In 1993, at the outset of the Herceptin clinical program, practical considerations dictated the use of immunohistochemistry to guide patient selection. Says Robert Mass, MD, clinical team leader for Herceptin, "At the time, gene-based detection methods required fresh or frozen tissue, which was not practical for large-scale clinical work." Preclinical work suggested that HER2 receptor density greater than 100,000 to 200,000 receptors per cell would be required for activity. These were levels of HER2 expression typically seen with gene amplification and corresponded to an IHC score of 2+ (~500,000 receptors) or 3+ (~2,000,000) using the Clinical Trials Assay, or CTA.

"We needed to validate HercepTest by establishing concordance [with CTA results]. We couldn’t directly evaluate it on slides from trials patients because antigen had severely degraded over time," Dr. Mass says. They screened about 1,200 breast cancer blocks from the National Cancer Institute (the Cooperative Breast Cancer Tissue Resource) with the CTA to generate about 300 2+/3+ specimens and an equal number of 0/1+ specimens, which were then assayed with HercepTest. This analysis formed the basis of HercepTest’s approval as an aid in the selection of patients for Herceptin therapy.

At this year’s meeting of the American Society of Clinical Oncology, Dr. Mass presented results of FISH testing of a large subset of trials slides (unlike protein, DNA is stable) compared to original results with CTA. Gene amplification was seen in 89 percent of 3+ tissues, but only 24 percent of 2+ samples. More important, he presented data indicating Herceptin benefit is restricted to those patients demonstrating gene amplification. In the pivotal single-agent Herceptin study (reported by Cobleigh, et al), no patient responded in the FISH-negative group, including 17 patients demonstrating 3+ IHC scores by the CTA. All of the responses were in the FISH-positive group. In the pivotal chemotherapy trial (reported by Slamon, et al), there was no improvement in response rate by adding Herceptin to chemotherapy in the FISH-negative group; however, the response rate doubled, from 27 percent to 54 percent, when Herceptin was added to chemotherapy in the FISH-positive group.

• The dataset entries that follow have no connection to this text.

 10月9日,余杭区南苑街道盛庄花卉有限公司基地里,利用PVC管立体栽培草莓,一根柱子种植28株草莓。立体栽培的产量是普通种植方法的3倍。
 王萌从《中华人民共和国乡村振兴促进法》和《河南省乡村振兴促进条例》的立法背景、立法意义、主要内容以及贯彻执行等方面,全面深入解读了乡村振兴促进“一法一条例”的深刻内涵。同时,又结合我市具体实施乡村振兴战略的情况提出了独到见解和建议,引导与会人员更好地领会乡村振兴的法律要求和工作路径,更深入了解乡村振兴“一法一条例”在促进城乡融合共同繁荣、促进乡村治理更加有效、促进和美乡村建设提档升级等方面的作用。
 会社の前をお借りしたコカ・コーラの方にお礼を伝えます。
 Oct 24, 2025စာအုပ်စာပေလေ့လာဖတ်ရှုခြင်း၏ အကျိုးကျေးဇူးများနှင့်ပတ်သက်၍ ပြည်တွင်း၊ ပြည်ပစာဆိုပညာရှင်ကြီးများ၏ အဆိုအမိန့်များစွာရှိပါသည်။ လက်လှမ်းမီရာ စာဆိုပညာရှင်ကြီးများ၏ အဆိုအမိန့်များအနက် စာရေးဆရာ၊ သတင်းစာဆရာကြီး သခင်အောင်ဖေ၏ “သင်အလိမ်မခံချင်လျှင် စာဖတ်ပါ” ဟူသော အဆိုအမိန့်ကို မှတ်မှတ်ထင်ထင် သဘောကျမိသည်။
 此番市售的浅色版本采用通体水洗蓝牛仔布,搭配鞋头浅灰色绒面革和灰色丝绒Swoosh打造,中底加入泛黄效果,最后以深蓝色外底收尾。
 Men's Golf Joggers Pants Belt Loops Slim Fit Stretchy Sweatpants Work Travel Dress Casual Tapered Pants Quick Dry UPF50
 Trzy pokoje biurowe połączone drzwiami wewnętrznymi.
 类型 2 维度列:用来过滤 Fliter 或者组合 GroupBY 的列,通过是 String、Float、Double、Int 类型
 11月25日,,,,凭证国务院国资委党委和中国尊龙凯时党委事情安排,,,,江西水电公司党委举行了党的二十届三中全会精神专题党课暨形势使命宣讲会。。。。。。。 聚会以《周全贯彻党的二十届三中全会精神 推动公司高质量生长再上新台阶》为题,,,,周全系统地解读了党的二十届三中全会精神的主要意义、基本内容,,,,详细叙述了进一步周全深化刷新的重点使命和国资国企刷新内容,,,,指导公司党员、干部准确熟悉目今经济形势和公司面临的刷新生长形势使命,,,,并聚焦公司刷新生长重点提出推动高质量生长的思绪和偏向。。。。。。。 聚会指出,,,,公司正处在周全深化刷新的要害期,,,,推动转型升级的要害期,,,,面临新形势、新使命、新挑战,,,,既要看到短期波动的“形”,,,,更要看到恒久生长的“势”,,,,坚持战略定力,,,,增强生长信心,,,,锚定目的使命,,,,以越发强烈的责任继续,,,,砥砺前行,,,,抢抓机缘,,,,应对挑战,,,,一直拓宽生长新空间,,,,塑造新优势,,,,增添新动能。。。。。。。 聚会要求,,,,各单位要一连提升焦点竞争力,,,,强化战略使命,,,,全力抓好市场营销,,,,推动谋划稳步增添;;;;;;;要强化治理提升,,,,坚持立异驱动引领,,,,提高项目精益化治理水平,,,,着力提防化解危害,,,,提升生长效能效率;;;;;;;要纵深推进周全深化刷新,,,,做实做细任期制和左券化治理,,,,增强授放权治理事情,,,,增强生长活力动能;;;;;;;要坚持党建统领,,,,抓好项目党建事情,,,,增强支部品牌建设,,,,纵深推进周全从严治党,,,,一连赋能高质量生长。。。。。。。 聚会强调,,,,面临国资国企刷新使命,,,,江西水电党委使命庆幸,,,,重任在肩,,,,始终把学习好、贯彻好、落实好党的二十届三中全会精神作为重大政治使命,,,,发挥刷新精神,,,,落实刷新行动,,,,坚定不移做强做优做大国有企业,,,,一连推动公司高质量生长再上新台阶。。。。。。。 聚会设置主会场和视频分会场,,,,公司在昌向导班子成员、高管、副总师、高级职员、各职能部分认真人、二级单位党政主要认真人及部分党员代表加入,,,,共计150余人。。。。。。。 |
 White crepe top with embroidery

"These data indicate that FISH testing is a more precise method compared to IHC to select patients for Herceptin therapy," says Dr. Mass. He points out that about 20 percent of gene-amplified patients will score as 0 or 1+ using IHC. "In our CTA/FISH concordance study, we confirmed the observations of others that IHC exhibits a false-negative risk. These data support using FISH for primary testing."

A tiered-testing strategy is not optimal, Dr. Mass says. "If pathologists are doing what many of them are doing, and that is screening with IHC and confirming 2+ results with FISH, they will miss substantial numbers of amplified patients that scored 0 or 1. Amplified patients are the group demonstrating benefit from the drug."

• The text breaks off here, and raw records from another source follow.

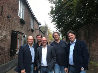 De redactie van 'Oeteldonk voor beginners': vlnr: Rob van de Laar, Huub van Mackelenberg, Bert Damen, Hans Tervoort en Roger Schouten. foto © gérard van kessel, november 2017. ..................................................................................................................... |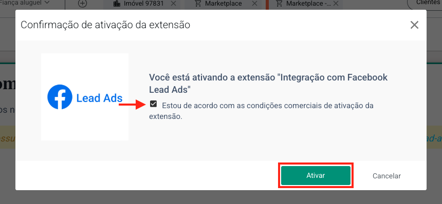 4. Para concluir a ativação, clique no checkbox e em seguida em ativar:
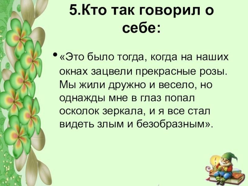 зацвели прекрасные розы. Мы жили дружно и весело, но однажды мне в глаз попал осколок зеркала, и я все стал видеть злым и безобразным».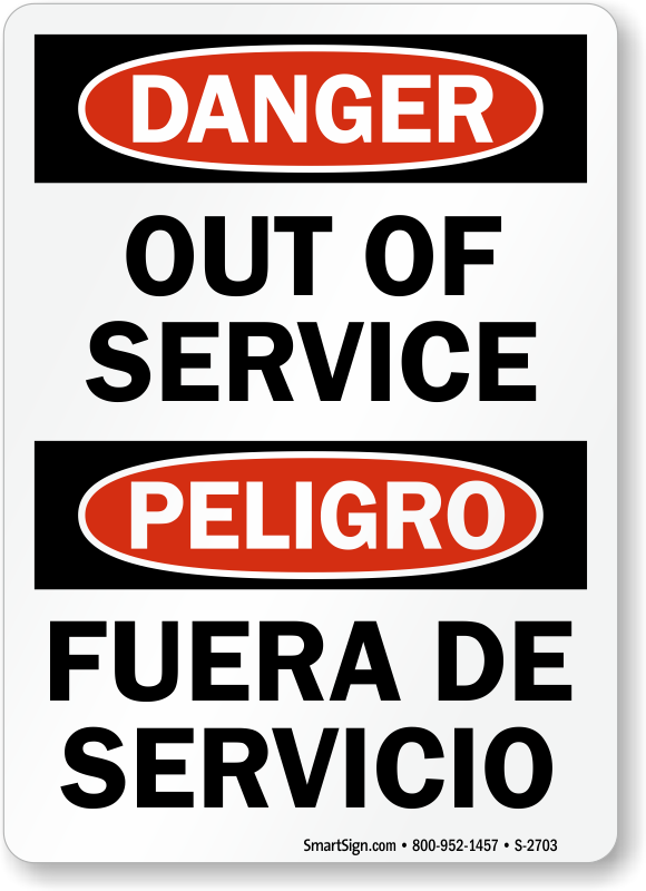 Bilingual OSHA Danger / Peligro Sign: Out Of Service / Fuera De Servicio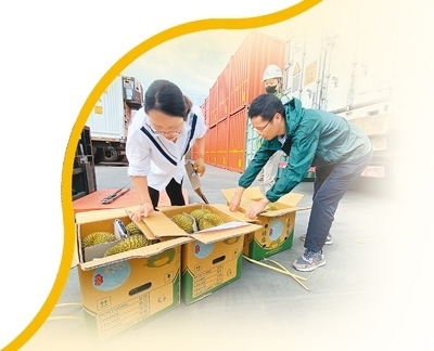 “針對(duì)水果等生鮮農(nóng)產(chǎn)品特點(diǎn),我們采取7×24小時(shí)預(yù)約通關(guān),設(shè)置農(nóng)食產(chǎn)品專用窗口,優(yōu)先辦理鮮活易腐農(nóng)產(chǎn)品接單、放行業(yè)務(wù),并采取即到即檢即放模式,確保進(jìn)口水果通關(guān)零延遲?!臂屡D海關(guān)關(guān)長(zhǎng)韓斌說。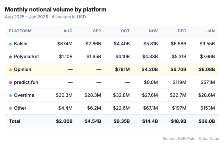 Opinionは10月23日にローンチされ、最初の1ヶ月(1ヶ月未満)で7億9,100万ドルの取引高を達成しました。11月には42億ドル、12月には67億ドルに達し、同月のKalshiとPolymarketの取引高を上回りました。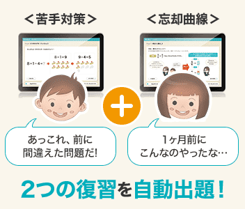 RISU算数は先取り学習のみならず、復習にも力を入れているのがポイントです。忘却曲線に基づいて自動で間違えた問題を復習出題するので、繰り返し学習で苦手な箇所も定着しやすくなります。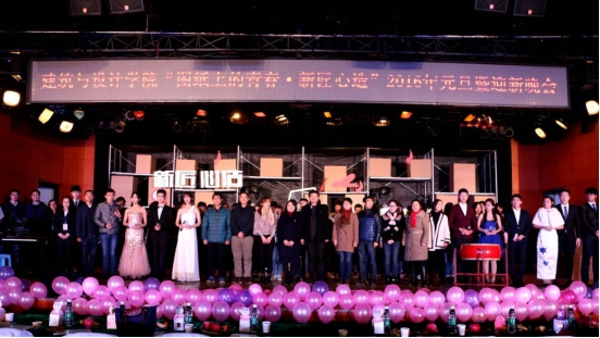 为迎接2015级新生暨迎2016年新年的到来,展现我院莘莘学子风采,12月24日晚7点,由建筑与设计学院主办、建筑与设计学院学生会承办的“图纸上的青春·新匠心造 ”2016年元旦暨迎新晚会在二食堂三楼隆重举行。学院院长沈中伟,党委副书记栗民,携全体党政领导及全院教职工参加晚会,各兄弟学院老师、学生会主席也受邀出席了本次晚会,学生热情高涨,全场座无虚席。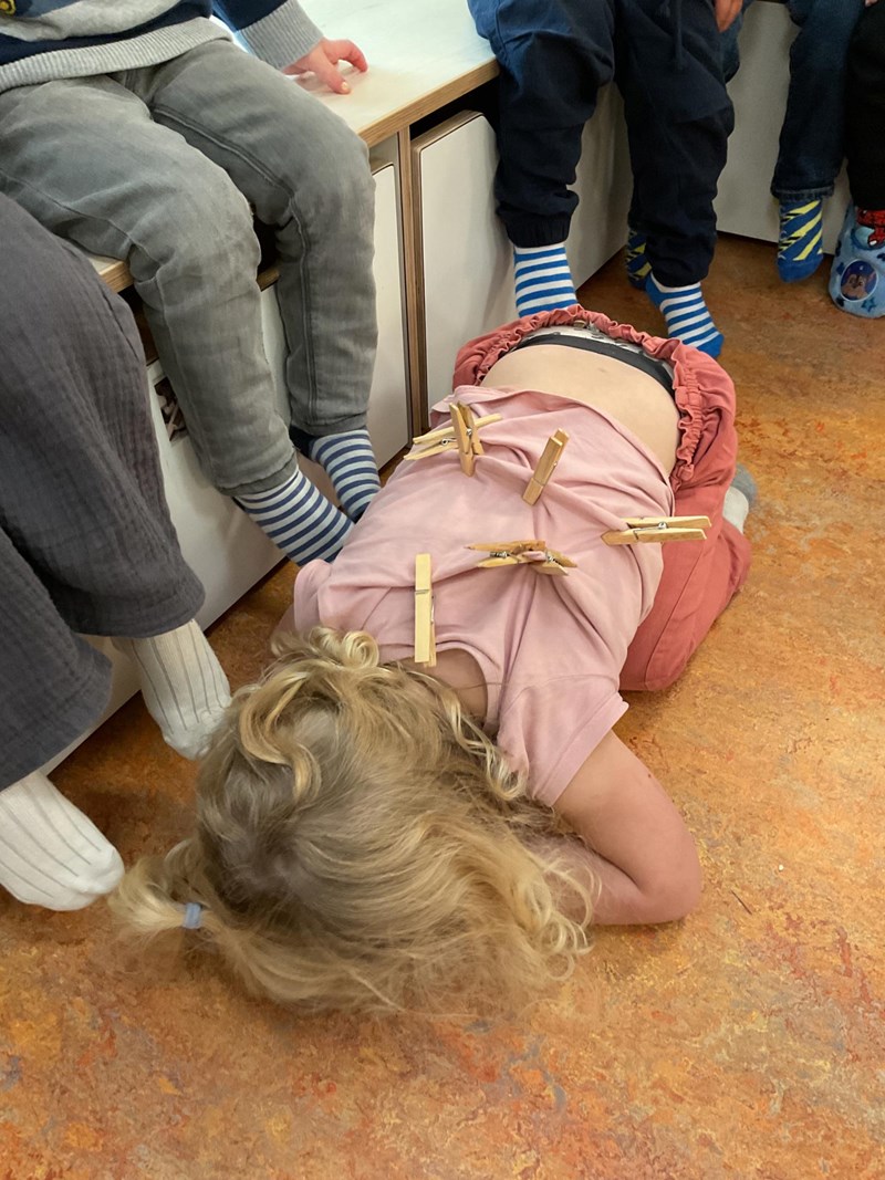 de huishoek was omgetoverd tot een echt heksenhuis waar de kinderen heksensoep konden maken. De lichttafel diende als vuur met daarop een ketel. Er waren verschillende ingrediënten beschikbaar…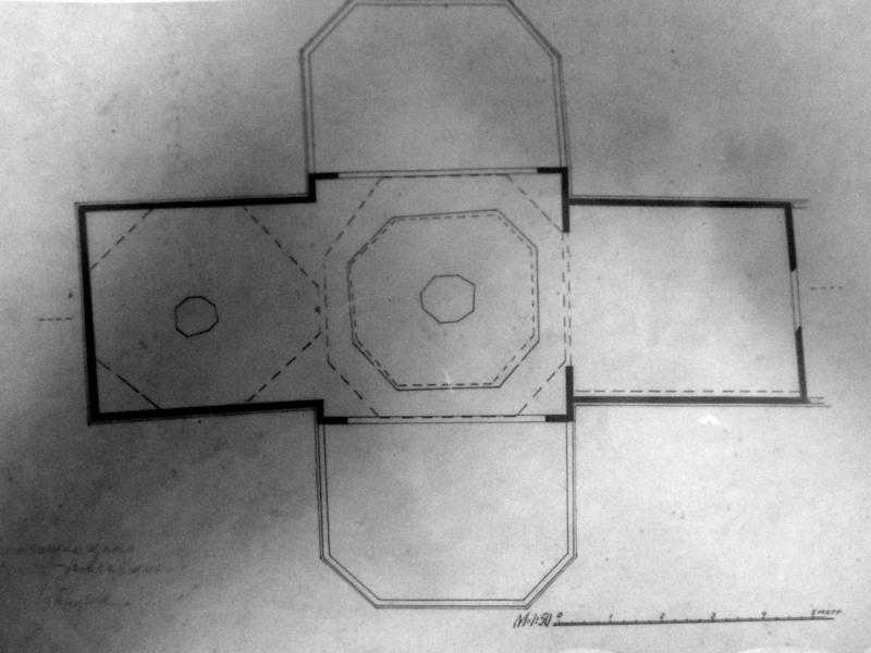 Как показывает чертеж, длина восьмерика центральной части в плане равна ширине алтаря, а ширина восьмерика равна половине диагонали плана центра; высота же – близка к половине длины восьмерика.

Data presented at ASCO show a 50 percent improvement in survival when Herceptin was added to chemotherapy in the FISH-positive group (18 months versus 27 months), he adds. "We believe that moving to primary FISH-based testing will reduce the number of patients treated, but will select patients most likely to benefit from Herceptin," he says.

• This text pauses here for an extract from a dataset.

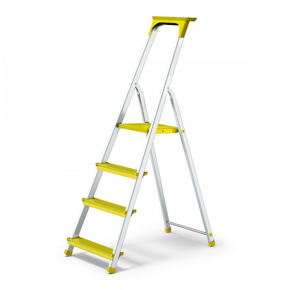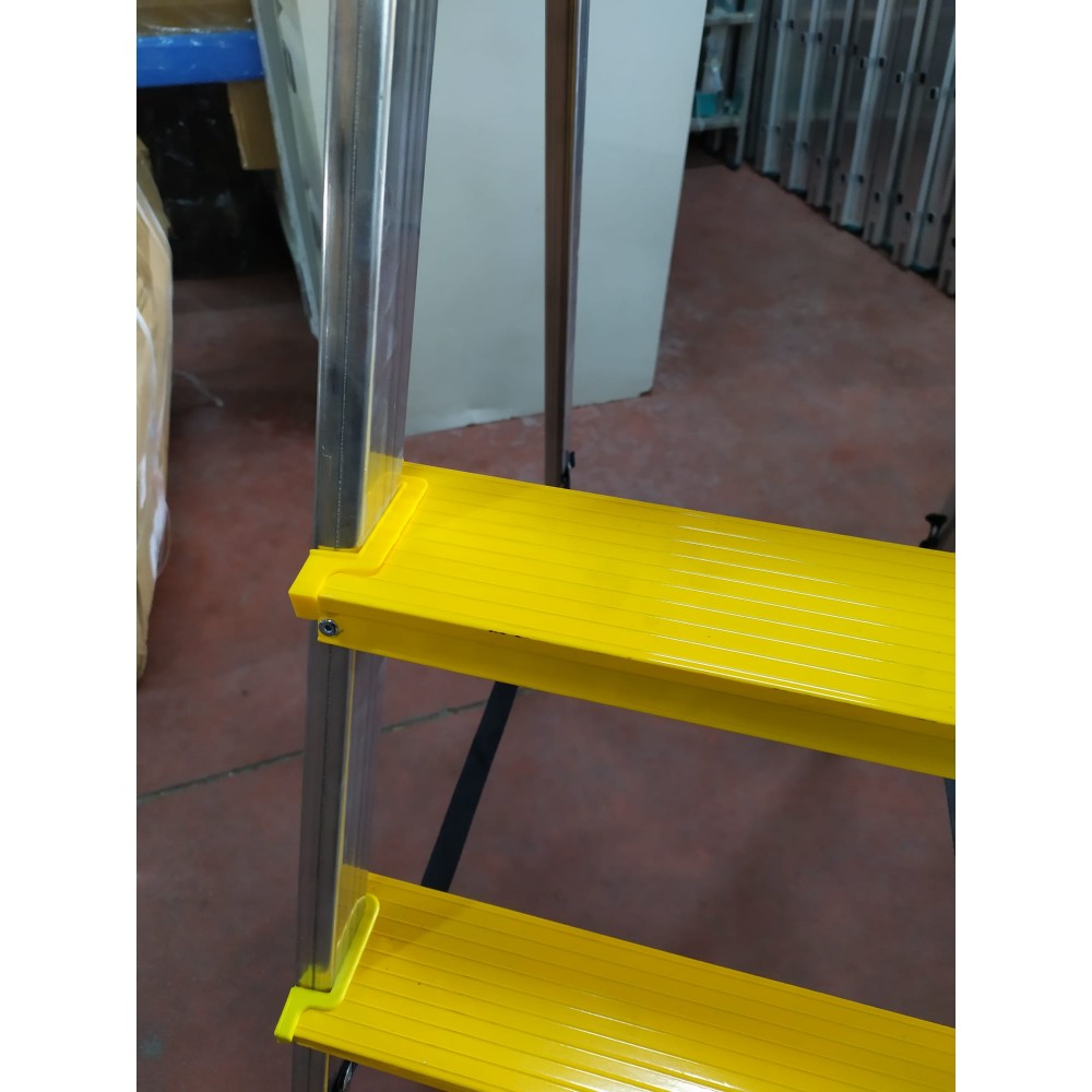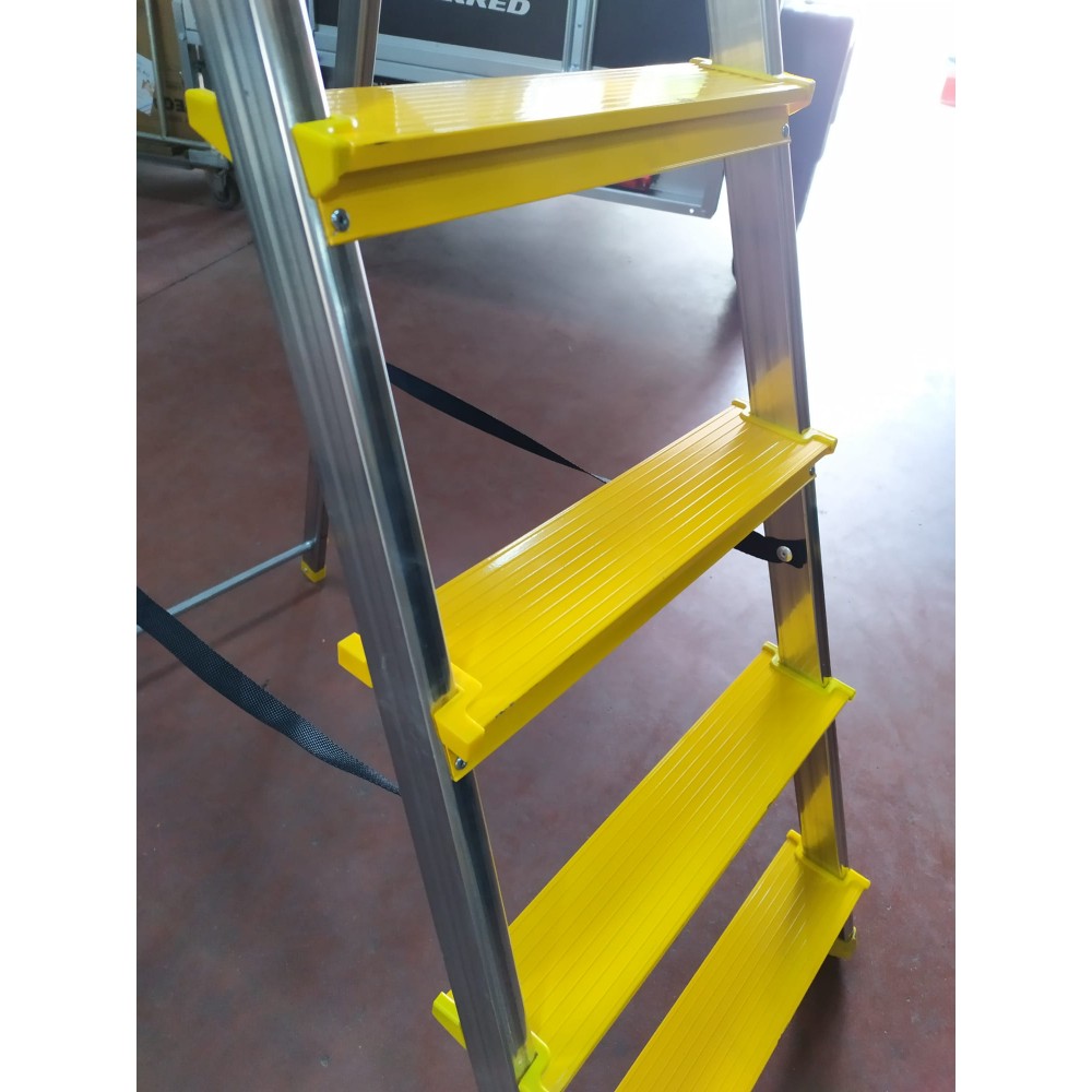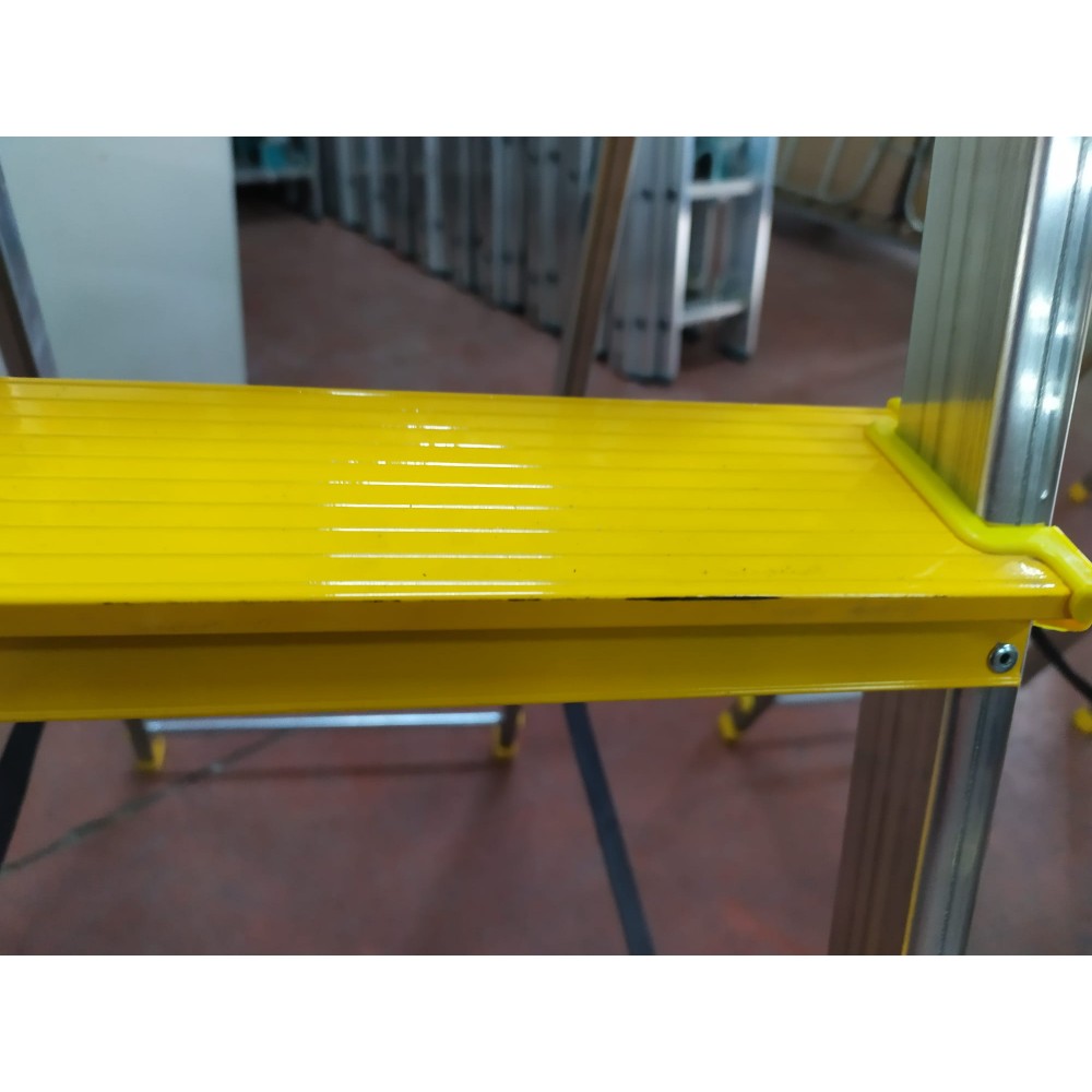 Escabeau en aluminium avec plateforme de travail et larges marches antidérapantes.

Dr. Ann Thor, staff pathologist at Evanston (Ill.) Northwestern Healthcare, cautions, "The antibody used in the CTA is not even available anymore. People who have seen those slides say they have a very high background. So a comparison of that assay with FISH does not necessarily relate to the assay we are using today." She concludes, "We need to compare our current IHC methods to current FISH methods-with greater attention to assay and interpretive issues for each."